The VisitManager
of iudex-core contains the central thread pool,
work prioritizer and politeness enforcer. Prioritization aspects are
handled both via an external WorkPollStrategy
implementation and in
internal (in memory) structure of host and visit queues.
The iudex-core module includes a prioritized visit queue and executor with the following features:
Per-host fetch rate limiting for politeness.
HostQueue(s)
containing visit orders for the same host, to be
processed in priority order.
A VisitQueue
of ready and sleeping (delay for politeness)
HostQueue(s)
. The ready queue is prioritized by HostQueue
topmost
priority. The sleeping queue is ordered by least next visit time.
A custom threaded, concurrent VisitManager
for processing the
VisitQueue
while upholding host politeness constraints.
A ThreadPoolExecutor
executes VisitTask(s)
which are simply
UniMap
orders run through a FilterContainer
. Tasks may block if
using blocking HTTP implementation or be short lived,
reentrant with an asynchronous implementation.
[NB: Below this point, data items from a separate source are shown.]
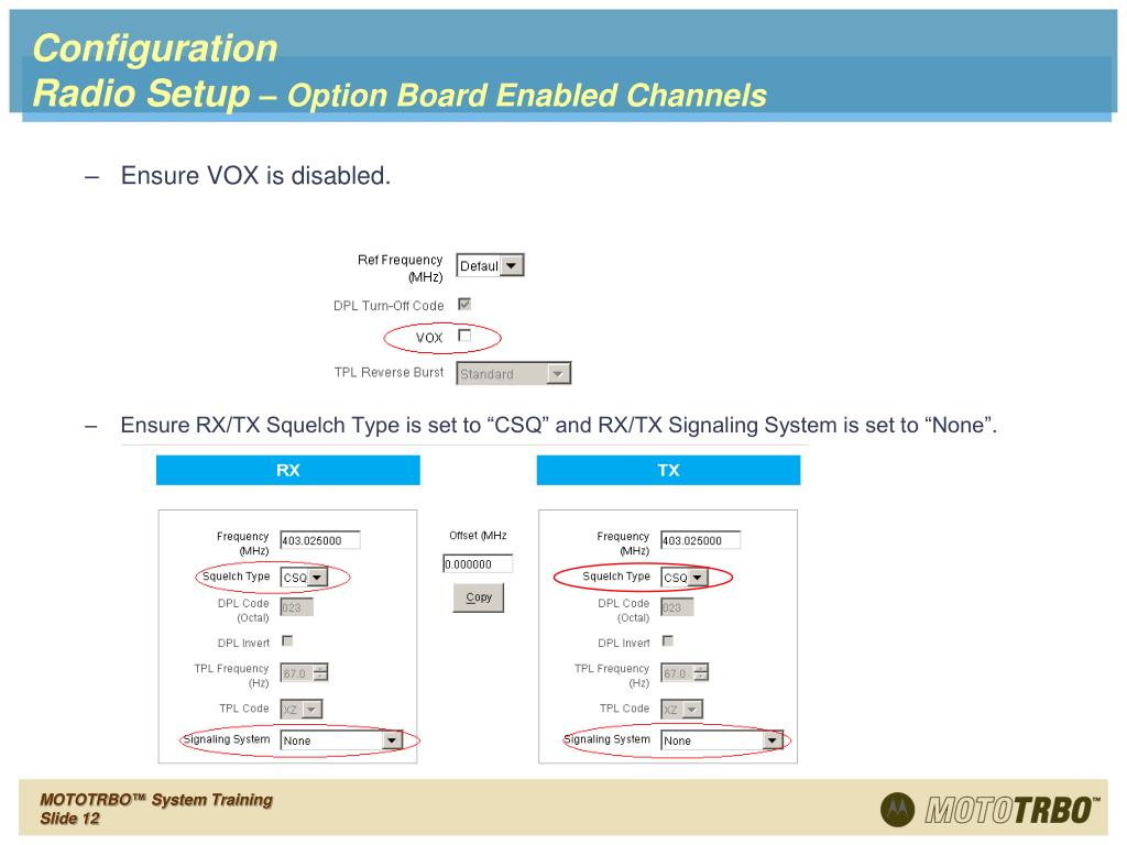 ConfigurationRadio Setup – Option Board Enabled Channels • Ensure VOX is disabled. • Ensure RX/TX Squelch Type is set to “CSQ” and RX/TX Signaling System is set to “None”.
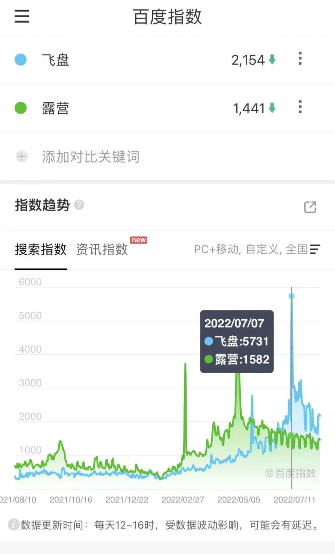 百度指数显示,在1年前的8月11日,飞盘和露营的搜索数据分别为298和628。而到了今年,露营和飞盘的搜索小高峰分别达到了4125和5731,与去年8月相比分别增长了556.8%和1800%。
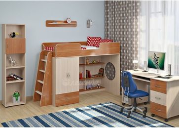 Комплектация: • Кровать-чердак, габариты без лестницы (ДхШхВ): 1842Х834Х1395 мм., длина с лестницей: 2142мм. • Встроенный шкаф для одежды • Встроенные стеллажи для книг • Стеллаж отдельностоящий, габариты: 4502961845 мм. • Стол письменный, габариты: 1310600750 мм • Полка навесная, габариты: 800156140 мм.
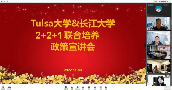 (通讯员 成雨音 周晓峰)11月8日晚9时,3044永利集团集团与美国Tulsa大学“2+2+1”联合培养项目线上宣讲会顺利举行,Tulsa大学全球事务副董事长Vivian Wang、Jun Lu博士,公司国际交流与合作处处长曾亚军,永利3044集团官网经理江厚顺、副经理李忠慧、张菲菲、公司党委副书记刘娥参加活动,李忠慧副经理主持。石油工程专业2021级和2022级员工共计270余人报名参加了本次宣讲会。
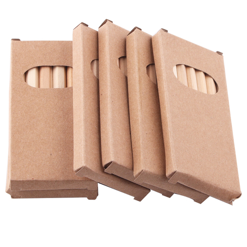 Op Maat Gemaakte Kinderen Kleine Houten Mini 6 Stuks Natuurlijke Kleur Potlood Set Box Gift Regenboog Tekening Gekleurd Potlood
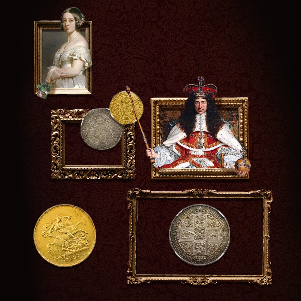 英国王室の歩みと共に作られたアンティークコイン。今日に至るまでにコインは多くの人の手に渡り、様々な運命を辿ってきました。時代を創造し、導いた歴代国王とその当時の最高峰の技術が刻まれた貴重な品々が、この度一挙に登場。英国の華麗なる系譜をたどりながら、各時代を代表する秘蔵のコレクション をご紹介いたします。
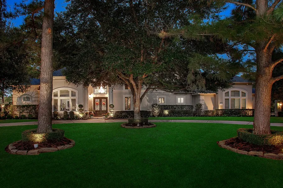 Gorgeous custom home on over an acre overlooking the 6th hole of the Gleannloch Pines Golf Course! Circular drive, oversized four car garage with epoxy floors, water softener, Plantation shutters, Hunter Douglas shades, neutral paint palette, surround sound, marble floors and amazing storage throughout. Open concept formal living areas with sky high ceilings and enormous windows featuring panoramic golf course views; convenient wet bar with wine chiller and glass front cabinetry; study with built-in desk and floor to ceiling bookshelf; island kitchen with breakfast bar, walk-in pantry, under and over cabinet lighting overlooks the breakfast nook and den with gas log fireplace; guest suite and owner's retreat down; three bedrooms, 2nd study/flex room and game room up; massive patio with adjacent entertainment area has summer kitchen, beach entry pool with slide, 2nd lap pool and golf cour...
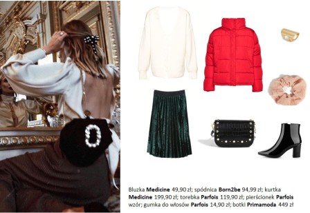 Wolisz skromniejszy outfit? Romantyczny zestaw z plisowaną spódnicą odkryje Twoją dziewczęcą i delikatną naturę. Dla fanek minimalizmu i klasyki idealną propozycją jest czerwona kurtka puchowa, która sprawi, że nie zmarzniemy.
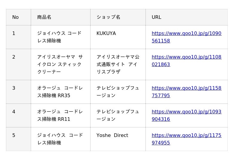 Qoo10(https://www.qoo10.jp/)サイト上、「掃除機」カテゴリーの販売個数に基づいたランキングです。
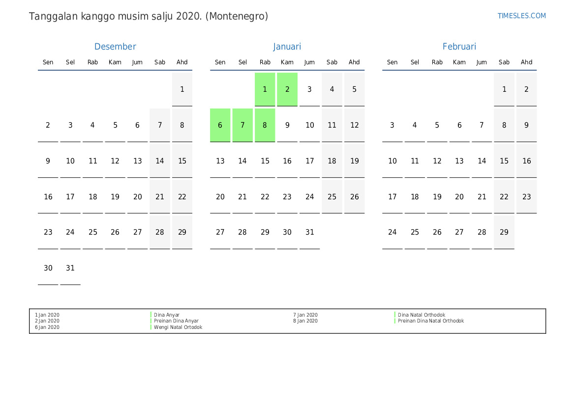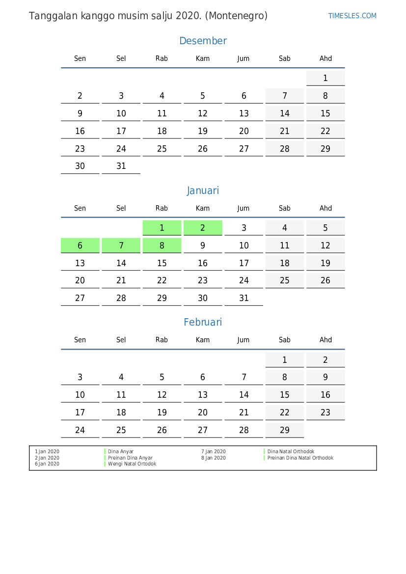 Download lan nyithak tanggalan PDF kanthi preinan lan akhir minggu kanggo musim salju taun 2020 kanggo Montenegro
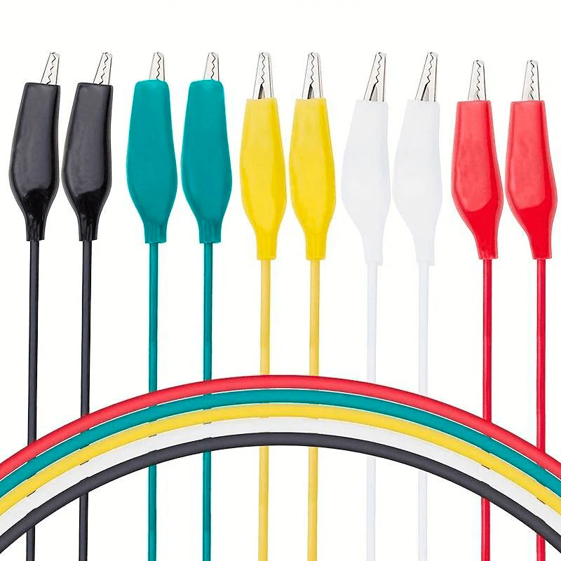 Consiste en un cable con un extremo equipado con una pinza caimán o cocodrilo, que se utiliza para realizar conexiones temporales y seguras en circuitos eléctricos y electrónicos.

A pluggable WorkPollStrategy
(see below)
A GenericWorkPollStrategy
including support for minimum poll
interval, and minimum remaining ratios of orders and hosts before
new work is polled.
The VisitManager
supports generations of VisitQueue(s) and visitor
threads, for high concurrency, and avoiding over-commitment to any
single host.
The iudex-da modules provides a WorkPoller
implementation of
WorkPollStrategy
which obtains prioritized visit orders from a
Postgres database. Features:
Only visit orders (urls) with NEXT_VISIT_AFTER
the current time are
considered.
Visit orders are considered in descending PRIORITY
order.
The priority of the highest orders associated with a each host (by URL) is discounted by a fixed factor of per-host depth. This biases the work polled toward greater breadth of hosts and thus concurrency of execution, given the per-host politeness constraint.
SQL 2003 Window Functions are utilized for efficient calculation of host depth priority adjustments.